The oropharyngeal airway (OPA) is a rigid curved device inserted into the mouth to prevent the tongue from occluding the airway in unconscious patients. It is a simple but essential adjunct in airway management, particularly useful during bag-valve-mask (BVM) ventilation and as a bridge to more advanced airway techniques.
Indications
Unconscious patients without a gag reflex.
Patients receiving BVM ventilation during resuscitation.
Temporary airway support prior to intubation.
Contraindications
Conscious or semi-conscious patients (may provoke gagging or vomiting).
Presence of a gag reflex.
Significant oral trauma or anatomical disruption.
Sizing and Preparation
Size: Measure from the corner of the mouth to the angle of the jaw or earlobe.
Too short: May not relieve obstruction effectively.
Too long: May push the epiglottis into the airway and worsen obstruction.
Insertion Technique
Ensure the patient is unresponsive with no gag reflex.
Open the mouth using the crossed-finger technique.
Insert the OPA upside down (curve pointing toward the roof of the mouth).
Advance gently until resistance is met, then rotate 180° into position.
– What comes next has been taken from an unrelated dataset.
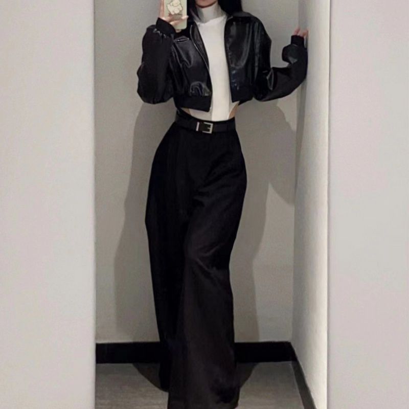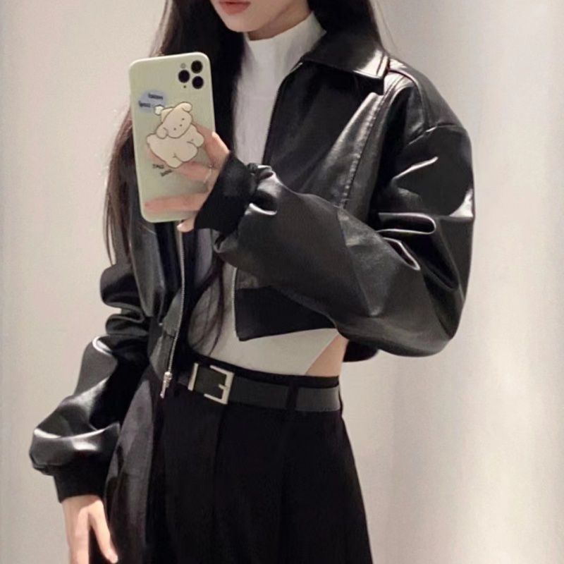 | nameOriginal | American Style Retro Black Leather Jacket Women's Petite Short Design Niche Leather Jacket Trendy Cool Spring and Autumn Style |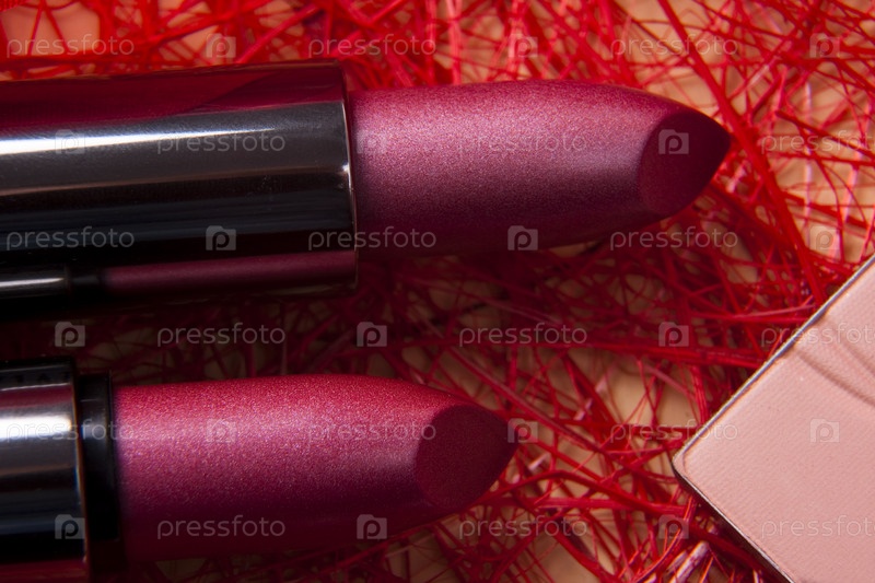 Две помады и порошок на красном фоне

Alternatively, use a tongue depressor and insert directly without rotation.
Confirmation of Placement
Unobstructed chest rise with ventilations.
No signs of gagging or resistance.
Clear breath sounds during assisted ventilation.
Potential Complications
Gagging and vomiting: Avoid by ensuring the patient lacks a gag reflex.
Airway trauma: Use gentle technique and correct sizing.
Improper placement: May worsen obstruction if sized or inserted incorrectly.
Key Considerations
Always monitor for signs of airway compromise or intolerance.
Be prepared to switch to an NPA or advanced airway if OPA is ineffective or contraindicated.
OPAs are a temporary solution—plan for definitive airway management if needed.